A part en vie de famille, en colocation, en pension ou à l’armée pour certains, le partage de son quotidien avec d’autres personnes n’est pas une habitude ou une expérience si courante ! La réponse favorable arrive avec les conseils de l’équipe de l’association WWOOF France. Mais on sait que ce n’est pas encore vraiment le début…

Mais où commence l’histoire ? Au premiers mails reçus. Un ou une inconnue a donc vu votre profil, lu plus ou moins bien votre description, s’est efforcé de son côté à se présenter et s’acquitter de sa cotisation à l’association. On est donc en terrain neutre, en égalité d’engagement. Les petites phrases pour expliquer ce qui est attendu, ce qui est offert comme ce qui est espéré.

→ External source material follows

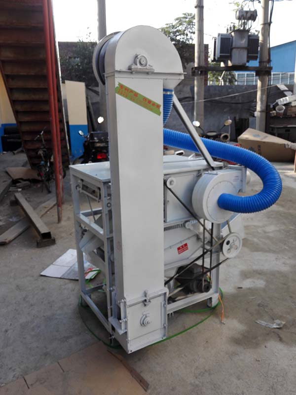 本機(jī)為三層篩網(wǎng),先經(jīng)過進(jìn)料口處風(fēng)機(jī)抽風(fēng),直接抽走重量輕的雜葉或麥秸稈,上層篩的初次篩分再把大雜清理過,好的糧食(種子)直接落到下層篩網(wǎng)上,下層篩網(wǎng)會(huì)把糧食(種子)中的小雜.小石子.有缺陷的糧食(種子)直接漏掉,完好的糧食(種子)會(huì)從出料口篩分出來。該小型清糧機(jī)解決了揚(yáng)場(chǎng)機(jī)的功能單一,不能有效去除石子.土塊的缺陷,更能為清理、凈選糧食(種子)帶來滿意的效果。該機(jī)有占地小,移動(dòng)方便,便以維修,除塵除雜效率明顯,能耗低,使用簡(jiǎn)便等優(yōu)點(diǎn)。

Un profil de WWOOFeur à décoder. Novice ou expérimenté ? Est-ce un terre-à-terre ou une rêveuse ? Une pragmatique ou un utopiste ?

Comment deviner ce qui ne se découvrira qu’ensemble, en partageant un travail ou un repas ? Alors on ne se fixe pas de règle autres que « Ouvert ou fermé » cette semaine demandée. Si il n’y a plus de place, ou que la demande est trop décalée par rapport à ce que l’on peut apporter, c’est « Non » l’histoire s’arrête… Mais on peut envisager d’autres histoire en choisissant le bouton : « Peut être » ou « Oui » Avec le « Peut-être » c’est peut être le début de l’histoire : quelques échanges de messages, une adresse mail ou Whatsapp pour faciliter l’échange. Un peu plus de précisions sur les disponibilités, sur le travail ou les loisirs prévus, sur les conditions d’accueil, sur le projet poursuivi aussi bien par le voyageur que par l’hôte.

La magie de la rencontre commence avec la sincérité des réponses

La magie de la rencontre commence avec la sincérité des réponses, la compréhension des attentes ou des contraintes. Et si c’est le « Oui » qui l’emporte alors c’est un bon pas vers le début… Mais il y a parfois des cailloux sur le chemin : un désistement de dernière minute ça peut arriver, une autre direction subie ou choisie et l’histoire n’aura pas lieu…

Alors le début… c’est quand ? C’est parfois dans cette petite gare de campagne où l’on attend l’arrêt d’un train, avec quelques voyageurs habitués qui descendent sur le quai, et un ou une avec un sac à dos, qui a l’air un peu perdu(e), qui accroche votre regard et qui tout sourire réalise enfin que si le voyage en train est fini, celui d’une rencontre commence. C’est peut-être le bruit de ce doigt qui frappe au carreau d’une porte ouverte (qui ferme sa porte en été à la campagne?) et cette silhouette qui sort de la lumière du dehors pour entrer dans la fraîcheur d’une maison en été, un premier bonjour, une première embrassade. L’histoire a donc un début. Le reste de l’histoire, c’est une question de chance, de climat, d’opportunités… Et c’est l’histoire d’une rencontre.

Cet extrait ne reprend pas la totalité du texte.